Il Pv è un piccolo progetto per garantire, a chi ha deciso di restare nonostante tutto, uno spazio di ResiStanza, un luogo di socializzazione per bambini e famiglie che vivono in quella città e che possono trovare tra quelle pareti innovative di metallo, coibentate e ben isolate dal freddo, un ambiente di vita confortevole per trascorrere il terribile febbraio 2023. Sono tre strutture da circa 100 metri quadrati ognuna e sono disposte in modo tale da disegnare un simbolo di pace, al centro hanno uno spazio collettivo, una piccola agorà domestica per accendere un fuoco collettivo, per vivere un focolare.
Chi ce lo fa fare?
La domanda torna: io che ci faccio? A cosa servo? Bisogna rappresentare tutte le donne e gli uomini medi di Europa che vorrebbero essere lì, stringere tra le mani gli ucraini infreddoliti e dire «noi ci siamo durante questo inverno» guardandoli negli occhi, «non siamo solo l’Europa che invia le armi ed i viveri, indumenti e soldi, non siamo solo l’Europa dei beni materiali, siamo l’Europa dei popoli, e la vostra resistenza e desiderio di restare ci interessa». Vado per dire che anche noi non sappiamo come uscirne da questa guerra, ma che questo non significa che non vogliamo agire per la pace.

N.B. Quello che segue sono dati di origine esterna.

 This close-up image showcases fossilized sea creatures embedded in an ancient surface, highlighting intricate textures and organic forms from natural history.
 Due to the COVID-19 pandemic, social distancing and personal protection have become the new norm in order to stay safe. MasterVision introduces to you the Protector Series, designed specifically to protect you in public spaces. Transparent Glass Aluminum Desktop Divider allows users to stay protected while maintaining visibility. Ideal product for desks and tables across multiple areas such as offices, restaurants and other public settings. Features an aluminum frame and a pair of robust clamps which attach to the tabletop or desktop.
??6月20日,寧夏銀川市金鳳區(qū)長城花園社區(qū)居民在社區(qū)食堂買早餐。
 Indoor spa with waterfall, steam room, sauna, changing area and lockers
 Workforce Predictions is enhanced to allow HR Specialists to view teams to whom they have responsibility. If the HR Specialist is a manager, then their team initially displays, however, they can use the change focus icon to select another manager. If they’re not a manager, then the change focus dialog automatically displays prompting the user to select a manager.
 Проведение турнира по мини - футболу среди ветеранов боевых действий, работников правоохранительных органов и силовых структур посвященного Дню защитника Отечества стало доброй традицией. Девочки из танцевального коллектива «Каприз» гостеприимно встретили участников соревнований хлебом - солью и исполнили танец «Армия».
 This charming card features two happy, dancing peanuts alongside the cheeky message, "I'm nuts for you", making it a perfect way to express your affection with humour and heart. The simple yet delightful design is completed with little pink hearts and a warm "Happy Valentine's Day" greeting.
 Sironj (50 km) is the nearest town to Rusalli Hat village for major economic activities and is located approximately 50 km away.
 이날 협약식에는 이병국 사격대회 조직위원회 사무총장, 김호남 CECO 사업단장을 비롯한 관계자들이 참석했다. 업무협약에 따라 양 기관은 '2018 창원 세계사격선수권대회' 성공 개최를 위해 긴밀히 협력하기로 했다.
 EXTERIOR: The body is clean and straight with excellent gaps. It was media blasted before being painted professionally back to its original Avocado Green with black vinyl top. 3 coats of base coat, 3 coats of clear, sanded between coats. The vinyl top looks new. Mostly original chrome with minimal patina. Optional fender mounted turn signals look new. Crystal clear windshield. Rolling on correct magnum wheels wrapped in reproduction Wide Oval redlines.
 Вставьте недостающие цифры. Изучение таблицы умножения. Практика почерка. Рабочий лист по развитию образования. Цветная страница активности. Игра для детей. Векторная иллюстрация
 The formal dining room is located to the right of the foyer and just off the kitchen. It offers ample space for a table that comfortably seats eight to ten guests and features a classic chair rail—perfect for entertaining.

Andare a Brovary, durante questo inverno, penso che sia l’unica cosa da fare per non essere un semplice “tifosi” della pace. Ogni sguardo ed abbraccio che si fa progetto può avere la forza di togliere veleno alla guerra ed al suo rancore, ai desideri di vendetta, al senso di solitudine e di abbandono, al sentimento di ingiustizia e di impunità.
Anche quando non si riesce a fermare la guerra, bisogna fare di tutto per costruire la pace. Abbassare le armi e ritirare le truppe, come in Iran contro la violenza degli Ayatollah, come nelle 59 guerre in giro per il mondo. Vedere l’orrore e la distruzione della guerra con nel cuore le parole di Alex Langer, «non siate tristi, continuate in ciò che era giusto» aiuta a non arrendersi all’odio e alla guerra e neanche all’indignazione in pantofole.